Additionally change to

define DEBUG_COUNTER_INTERVAL_MS 100

Maybe we can place a

  SERIAL_ECHO_START;
  SERIAL_ECHOPGM(MSG_FREE_MEMORY);
  SERIAL_ECHOLN(freeMemory());

somewhere in the #if ENABLED(DEBUG_IDLE_COUNTER) block, to see how much RAM is remaining.

To get a nice kill-screen if the watchdog reset is triggered i suggest to activate WATCHDOG_RESET_MANUAL - at lest for this tests.

Roxy-3D commented 8 years ago

@Blue-Marlin Turning on the M100 Free Memory Watcher will help you know how close you are to running out of memory.

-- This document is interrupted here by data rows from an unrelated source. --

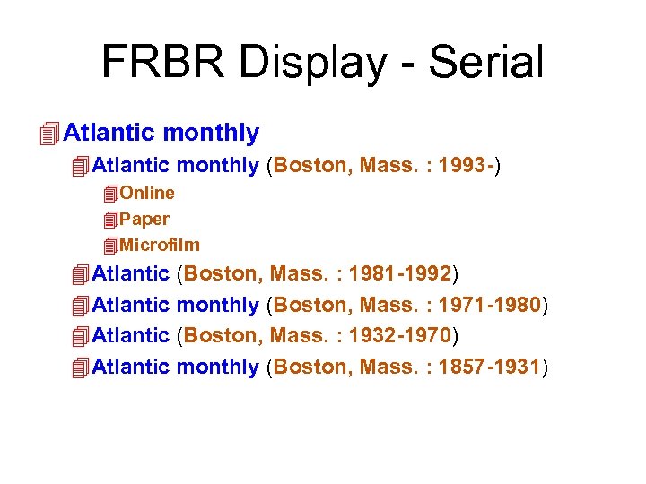 FRBR Display - Serial 4 Atlantic monthly (Boston, Mass. : 1993 -) 4 Atlantic (Boston, Mass. : 1981 -1992) 4 Atlantic monthly (Boston, Mass. : 19711980) 4 Atlantic (Boston, Mass. : 1932 -1970) 4 Atlantic monthly (Boston, Mass. : 18571931)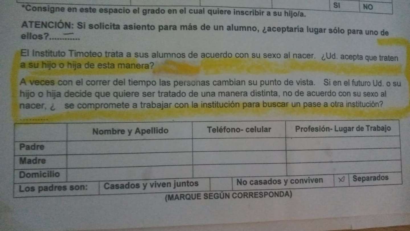 “El Instituto Timoteo trata a sus alumnos de acuerdo con su sexo al nacer. ¿Usted acepta que traten a su hijo o hija de esta manera?”, empezaba el texto. “Si en el futuro usted o su hijo o hija decide que quiere ser tratado de una manera distinta, no de acuerdo con su sexo al nacer, ¿se compromete a trabajar con la institución para buscar un pase?”, planteaba la solicitud de consideración de nuevos estudiantes para 2022 del colegio cristiano evangélico ubicado en el barrio 2 de Abril, en Cerrillos.
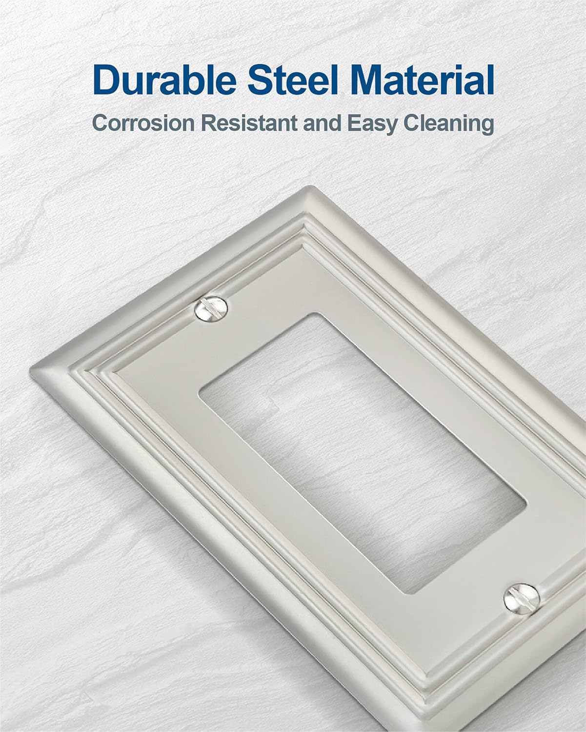 - 【Durable Steel】Made from durable metal, the satin nickel finish cover protects electric outlet cover from abrasion and impact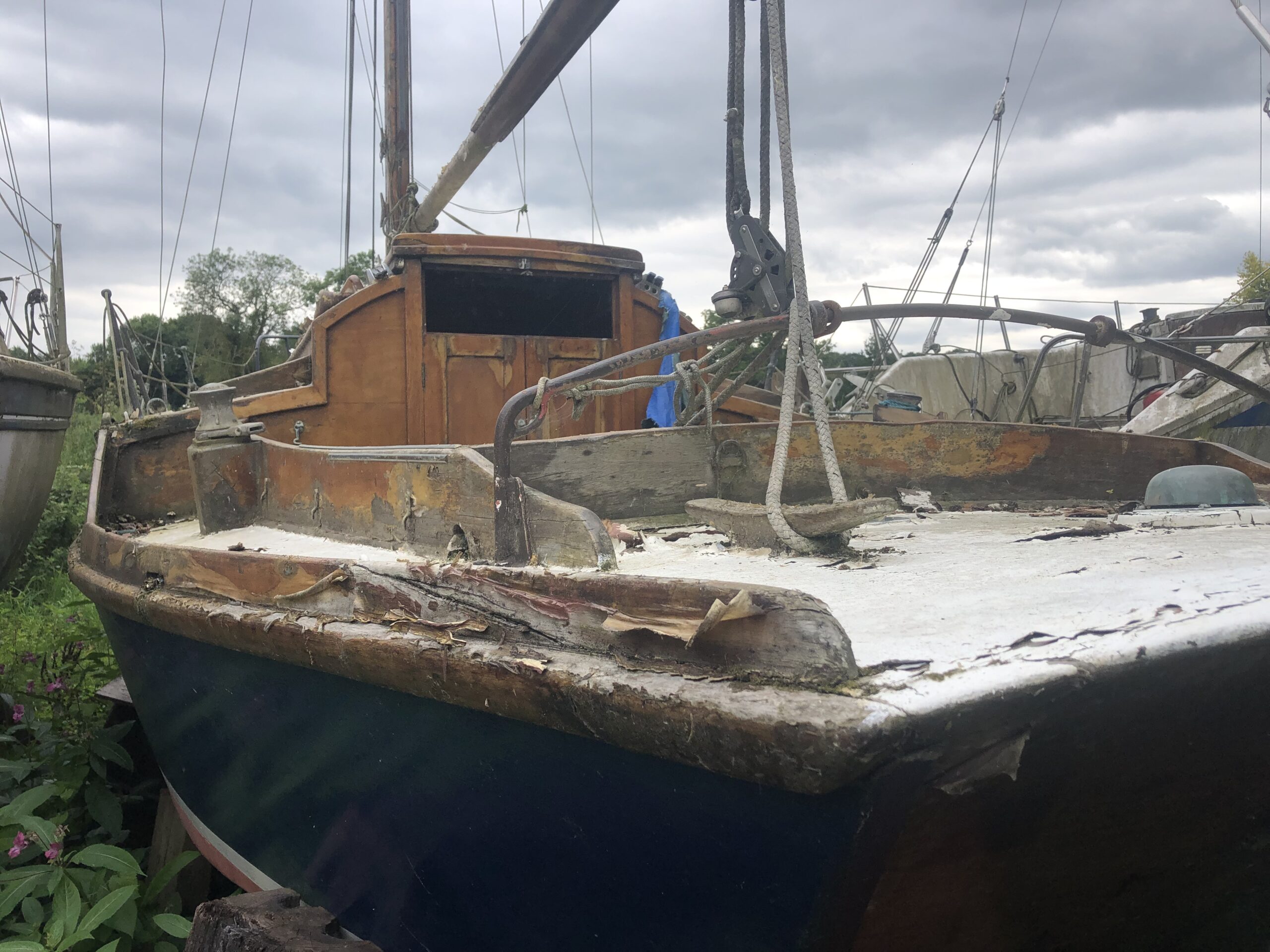 The Pin Mill boat has clearly been ashore uncovered for some while and her days could well soon expire. If she was built in the 1950s then she would be around seventy years old. A cursory look round told me that there didn’t seem to be a lot wrong with the old girl.

But you have to be able to give Marlin an M100 command to get the information from it.

judokan9 commented 8 years ago

Ok

now the Delta sticks again.... With disabled watchdog... About 2 days in the past i configured the printer height to keep the distance between the nozzle and print bed like 0,15 mm. Yesterday evening i have to change the nozzle and correct the height downwards like ~2 mm again. Now the Printer doesn't home when im on Z 754.42.

Combined: The printer homes when #define MANUAL_Z_HOME_POS is 753.67 AND The printer stuck's when #define MANUAL_Z_HOME_POS is 754.42

I think a memory overflow is probably the problem and i have to agree my previous writers. But how can i prevent this ?

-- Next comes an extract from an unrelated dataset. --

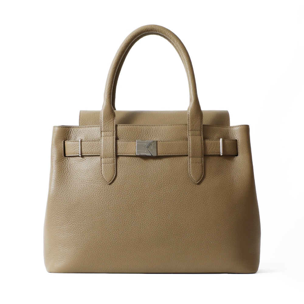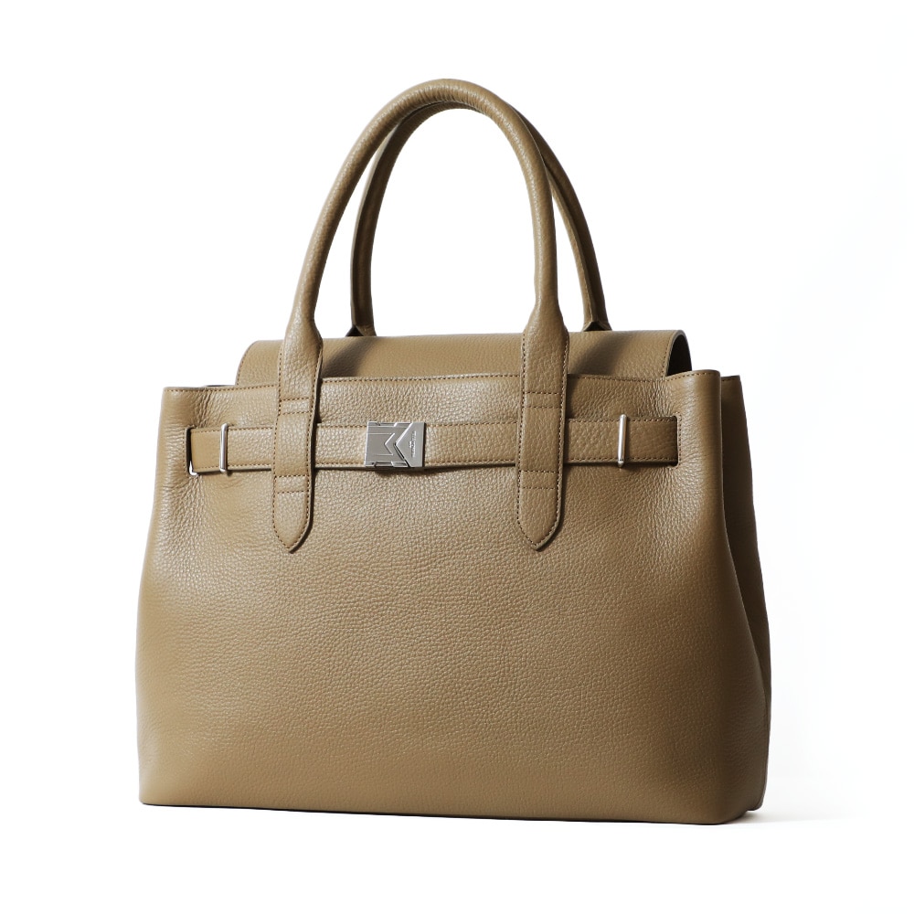 シュリンクの柔らかさを活かした、フラップトートバッグ

Roxy-3D commented 8 years ago

I think a memory overflow is probably the problem and i have to agree my previous writers. But how can i prevent this ?

First, lets get some data. Let's see how much stack and heap space is there. Please turn on:

#define M100_FREE_MEMORY_WATCHER // uncomment to add the M100 Free Memory Watcher for debug purpose

Flash the new firmware and bring up Marlin. Then give Marlin a: M100 I command to initialize the memory watcher. Then do a M100 F to see how much free memory is available.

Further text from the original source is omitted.